Una differenza rispetto all’opera di Euripide concerne la manifestazione degli intendimenti dell’eroina: se Planché prevede che ella palesi la volontà di ingannare il sovrano all’inizio del dialogo con Creonte, quando afferma che “I’ll dissemble, and gain so time” (GoldF, p. 31), Euripide relega l’esternazione ad un momento successivo, in cui Medea indirizzandosi al coro rivela: “Pensi davvero che lo avrei blandito se non per tramare a mio vantaggio?” (Eur. Med., vv. 368-369). L’esplicitazione anticipata della menzogna contribuisce a fornire un ritratto di Creonte ancor più credulo ed ingenuo e, parallelamente, un ritratto di Medea ancor più ingannatrice.

Il re di Corinto, Medea e il coro intonano il trio Midas:

CRE. Would you live another day, ma'am, I'd advise you off to trot;

If you like it better stay, ma'am, If you like it better stay, ma'am, But if you do you'd better not. Fol de rol de rol, &c.

MED. Fol de rol de rol, &c. CHORUS Fol de rol de rol, &c.

MED. (to CREON) From you I can hope no quarter, So to move I can't refuse.

But I think I see his daughter (aside to CHORUS)

But I think I see his daughter Standing in Medea's shoes! Fol de rol de rol, &c.

128 CHORUS, (aside) to MEDEA) Fol de rol de rol, &c.

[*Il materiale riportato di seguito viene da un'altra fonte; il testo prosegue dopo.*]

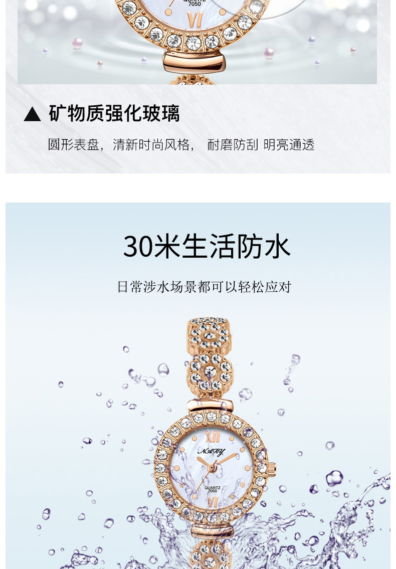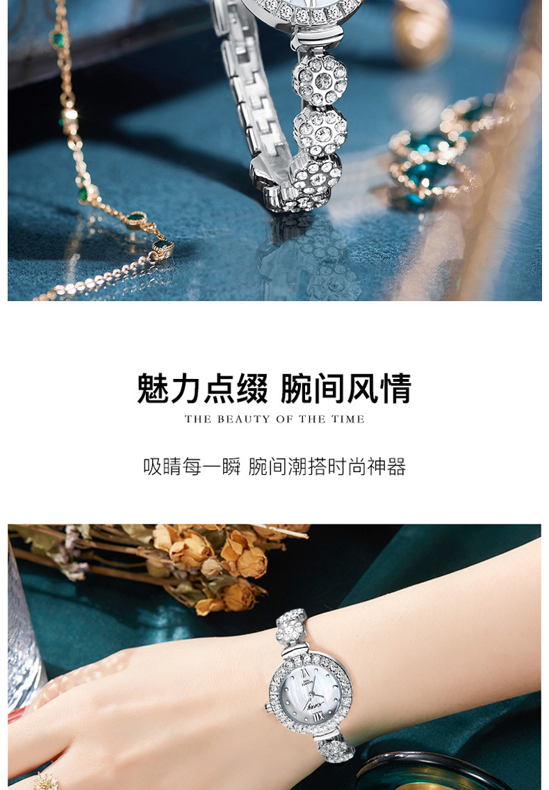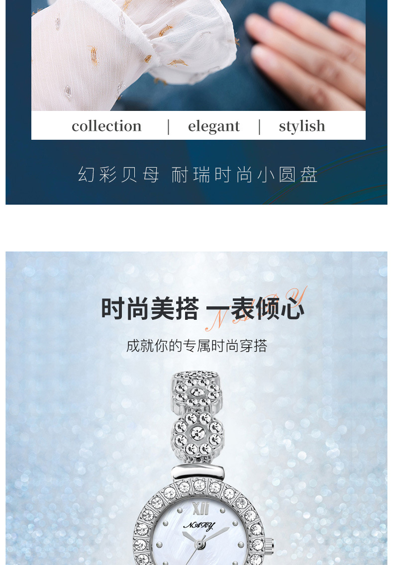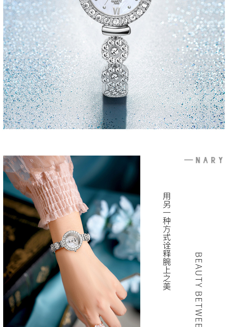 NARY/ Nary Full Diamond Super Fairy Light Đồng hồ thạch anh nữ sang trọng Chống nước Quà tặng sinh nhật thời trang đơn giản

ALL. Fol de rol de rol, &c. (GoldF, p. 32-33)

Midas è il titolo della ‘burletta’ di argomento classico scritta da Kane O’Hara, dove viene eseguita la canzone All around the maypole, una rielaborazione della ballata popolare The old woman and the pedlar. Planché recupera il ritornello privo di significato ‘fol de rol’, e mantiene due delle parole rima, nello specifico ‘trot’ e ‘not’145.

La prima strofa è composta da cinque versi ed è cantata da Creonte per reiterare la minaccia di morte. La seconda, anch’essa articolata in cinque versi, viene intonata da Medea che si risolve alla partenza e confida al coro l’impressione di intravedere Glauce ‘standing in Medea’s shoes’. La frase idiomatica implica che la figlia di Creonte occupi la stessa posizione di Medea, in qualità di moglie di Giasone. Allo stesso tempo, essa allude proletticamente alla sorte di Glauce che, come si evince dalla seguente canzone eseguita dall’eroe, è verosimilmente destinata ad essere abbandonata.